I spied my trousers and shirt draped over a large bush and went to retrieve them, tripping again in exactly the same place I had stumbled when Sw'ss'lm'rr first led me into the clearing. Looking down, I saw what appeared to be the top of a large round stone protruding from the ground.

"You seem to have uncovered the remains of a previous paramour," said Ruck.

It was huge. I dug around it, curious to see its full dimensions, and finally succeeded in prising it out of the earth. I stared into the dirt-encrusted eye sockets of a gargantuan skull.

"Orc," said Ruck, and I shuddered. "Come, my lord. The sooner we are out of these woods the better."

"No. I came here to find Satta. I won't go back until I do."

"I appreciate your determination, but I was requested to bring you straight back to your home, and I intend to do just that."

"Then you will have to kill me, Ruck, and carry my body back to the Countess."

Ruck scowled. "We can continue this discussion elsewhere. For now, it would be best to put a considerable distance between ourselves and this place. Agreed?"

"Agreed. But I will choose the direction of our travel."

"Have you any notion of where we are? Or where you would like to go?"

"None whatsoever. But I intend to proceed in that direction." I pointed at random into the forest. I wanted only to forestall our return to Edgewater, where I knew Ruck intended to lead us straightaway.

"This direction would be better, my lord," said Ruck mildly, pointing.

I stood up and tossed aside the orc skull. "Then I will see you upon my return with Satta."

"This is foolishness! If I must truss you hand and foot and carry you from this forest, I will do it."
"And what are our chances of getting out of this wood alive if you are carrying me the whole way? None, I daresay."
Ruck grabbed my arm, glowering. "See here, fool! I don't give two rat's farts for you.
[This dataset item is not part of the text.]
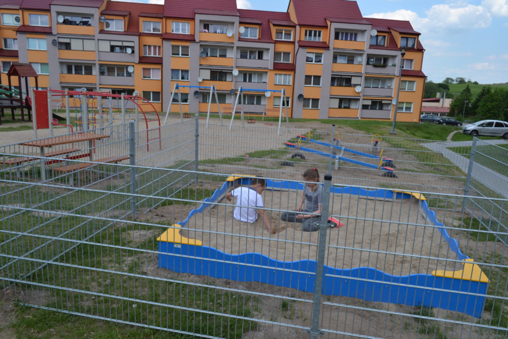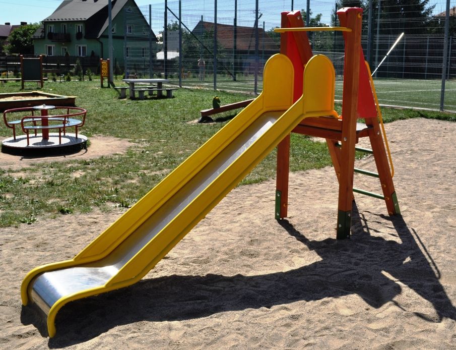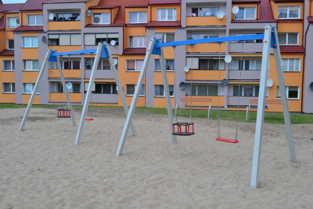 Nowy plac zabaw to zawsze duże emocje. Nasze, bo cieszymy się z sukcesu i dzieci, bo dostają one nowe miejsce do spędzania czasu na świeżym powietrzu. Najnowsza realizacja składa się z metalowych elementów zabawowych. Jest wyposażona w huśtawki, zamki, huśtawki wagowe i zestawy sprawnościowe. Te ostatnie mają siatki do wspinania i drabinki, na których dzieci będą mogły rozwijać swoją zwinność i spryt. Strefa z piaskownicą została oddzielona ogrodzeniem żeby uniemożliwić zwierzętom dostęp do piasku.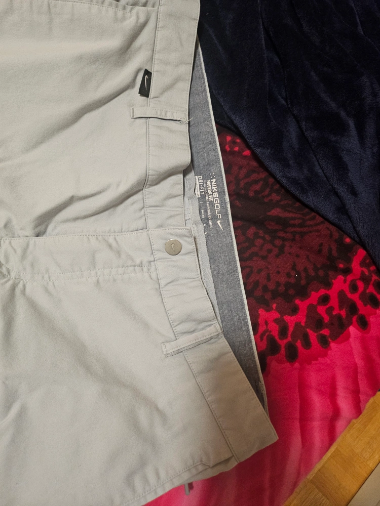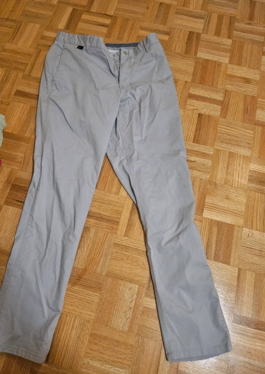 Light gray pants. With multiple pockets. Featuring a button and zipper closure. Perfect for a relaxing day outside.

I came after you because the Countess is scared witless at the thought of losing you! I won't hesitate to leave you behind if you refuse to come with me right now!"

"I think I've made my intentions perfectly clear," I said.
With a snarl, Ruck put the point of his sword under my chin. "I must insist we return the way we came, my lord," he said quietly.

"Ruck, do you mean to kill me in order to stop me from risking my life in the woods?"

He glared at me balefully for many long seconds, but at length lowered his blade. "I almost admire your determination, my lord. But then I remember that you are merely a lovestruck mooncalf. All this passion and valor for the sake of a servitrix." He turned his head and spat in disgust.

"Satta didn't deserve her fate, Ruck."

"She was born, wasn't she? We all get what's coming to us." Ruck resheathed his sword. "Well, Lord Mooncalf, let us see what destiny awaits us."

For two hours we trekked deeper into the forest, until we were halted by the failing light as dusk approached. We made camp and built a small fire, and from under his cloak Ruck pulled a backpack, which he had stocked with a variety of simple provisions, apples and black bread and saltmeat, a skin of water and another of wine. I was reminded that I had not eaten all day, and devoured my portion with alacrity. Then I leaned back and felt the weight of my weariness settle into my bones.

"Where are your men, Ruck?" I asked, stifling a yawn. "Why didn't you bring them?"